También es de reseñar la tercera posición de Rosberg, más teniendo en cuenta que su máximo rival, su compañero de equipo, es el hepatacampeón Michael Schumacher. El viejo alemán sucumbe frente a la juventud germánica, que supera ya en cuarenta y un puntos al todopoderoso Schumi. Pero ojo, éste es sólo un año de transición para uno de los más grandes de la historia, y el año que viene seguro que tenemos al heptacampeón luchando por el Mundial.

También McLaren tuvo un buen fin de semana. Button se marcó una remontada espectacular desde la decimocuarta posición hasta la cuarta. Y Hamilton, que sacó el sábado el doscientos por cien de su monoplaza en calificación, consiguiendo la cuarta posición, acabó segundo gracias a la mala salida de Alonso y al pinchazo de Vettel, y sale aún más líder del Gran Premio de casa.

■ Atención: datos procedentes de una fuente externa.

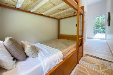 2 Luxuriously appointed bedrooms + a Bunk Nook for 6 people: 1) King Master with En Suite Bath and Shower, 2) King with en suite Walk in Shower, and 3) Bunk Beds attached to main living space in Bunk Nook. King Bedroom #1 has Pool Access from slider.
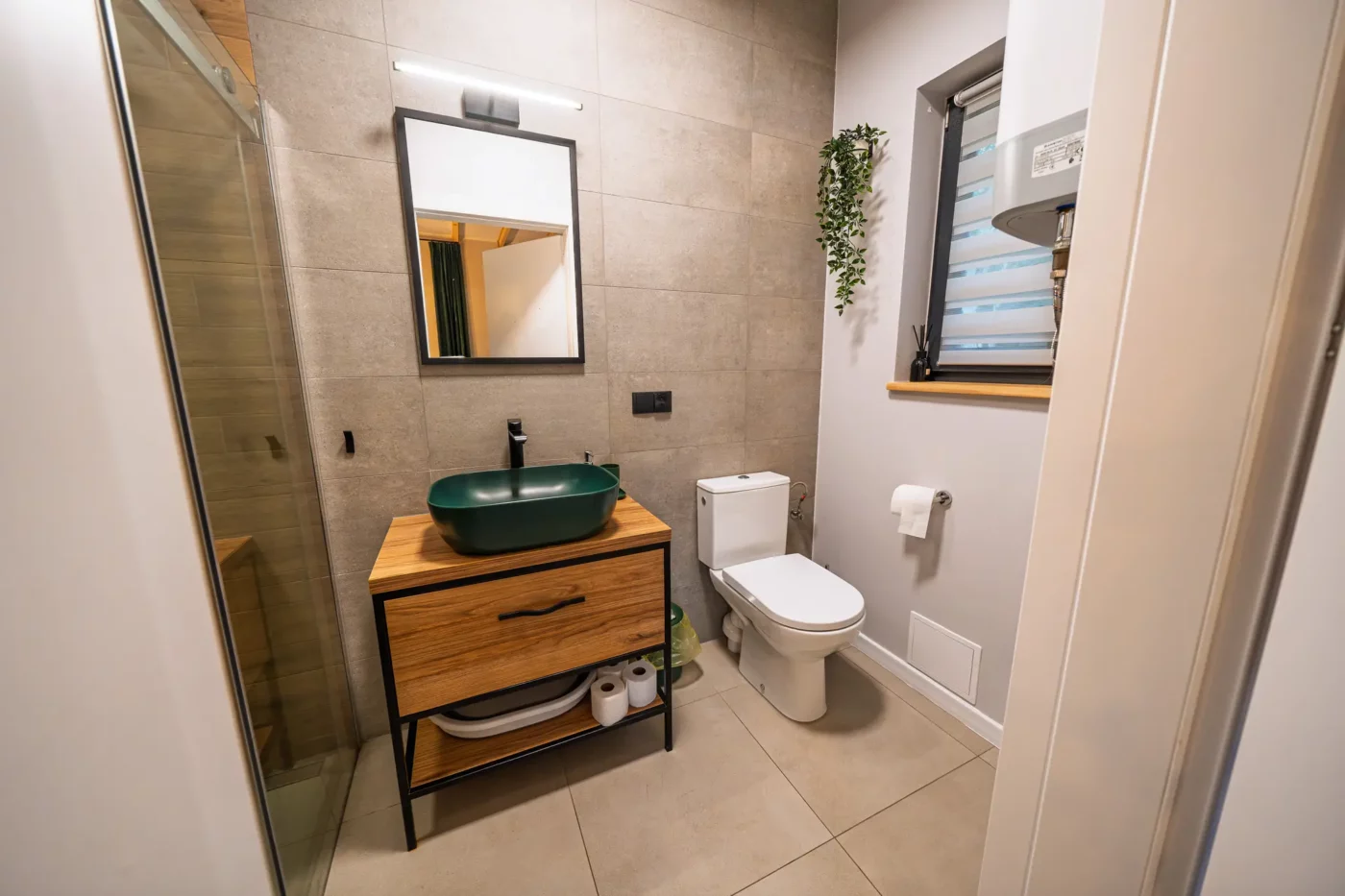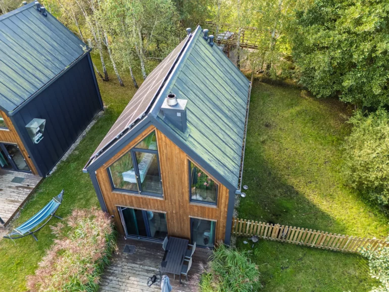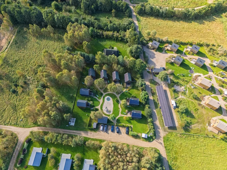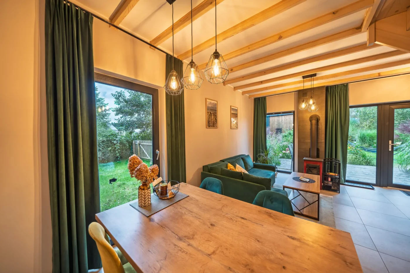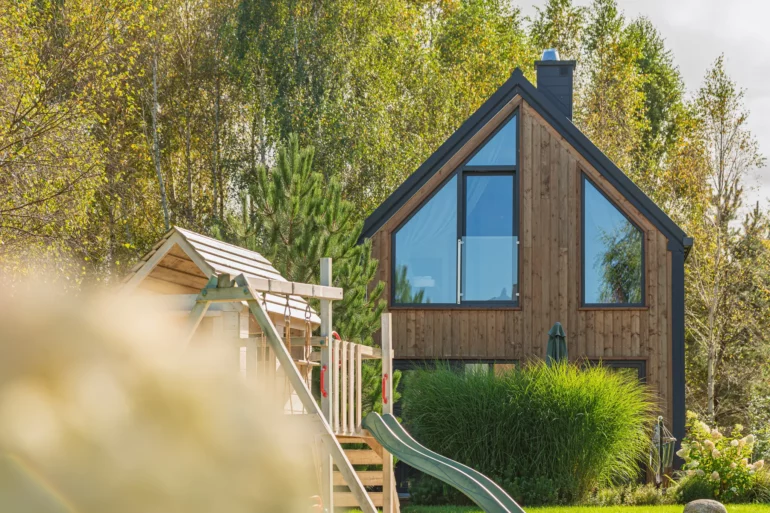 Każdy z domków komfortowo ugości do sześciu osób. To nie są ciasne kabiny, ale przemyślane przestrzenie, idealne, jeśli planujecie wyjazd w kameralnym gronie przyjaciół lub chcecie zabrać rodzinę w miejsce, gdzie dzieciaki będą miały bezpośredni kontakt z przyrodą.

Finalizó el Gran Premio de Gran Bretaña 2010 con las posiciones como siguen: 1º Webber; 2º Hamilton; 3ª Rosberg; 4º Button; 5º Barrichello; 6º Kobayashi; 7º Vettel; 8º Sutil; 9º Schumacher; 10º Hülkenberg; 11º Liuzzi; 12º Buemi; 13º Petrov; 14º Alonso; 15º Massa; 16º  Trulli; 17º Kovalainen; 18º  Glock; 19º Chandhok; 20º Yamamoto; se retiraron, por orden de posición final, Alguersuari, De la Rosa, Kubica y Di Grassi.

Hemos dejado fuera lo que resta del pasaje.